- TASK OBJECTIVE
For every line below, output the text exactly and leave out images.

- SOURCE MATERIAL
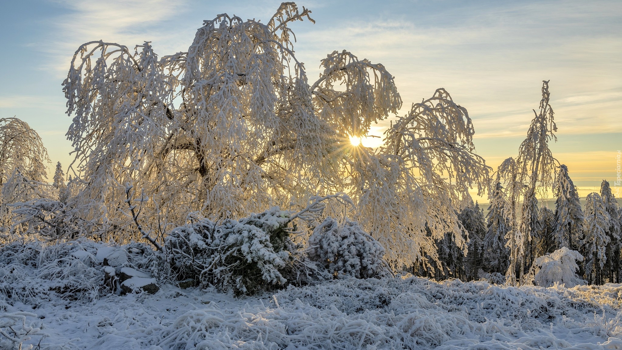 Edytor tapety: Ośnieżone drzewa i krzewy w promieniach słońca
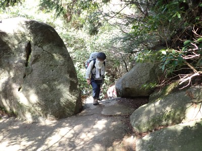 | 登山口(10:44) | 巨石がゴロゴロしている | 緩やかな勾配の階段 | |
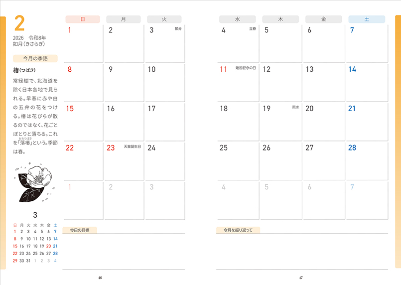 1つ目は、各月のカレンダーページに「季語の紹介」をしていることです。季節感を表現する季語を使って俳句を詠んだり、手紙を書く際の時候の挨拶で使ったりすることができます。
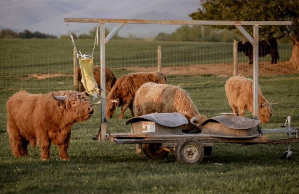 Highlands love to scratch! Without a safe option, they’ll rub on fences, posts, or tractors. A cattle brush provides:

- ANSWER SPACE
 Edytor tapety: Ośnieżone drzewa i krzewy w promieniach słońca
 | 登山口(10:44) | 巨石がゴロゴロしている | 緩やかな勾配の階段 | |
 1つ目は、各月のカレンダーページに「季語の紹介」をしていることです。季節感を表現する季語を使って俳句を詠んだり、手紙を書く際の時候の挨拶で使ったりすることができます。
 Highlands love to scratch! Without a safe option, they’ll rub on fences, posts, or tractors. A cattle brush provides:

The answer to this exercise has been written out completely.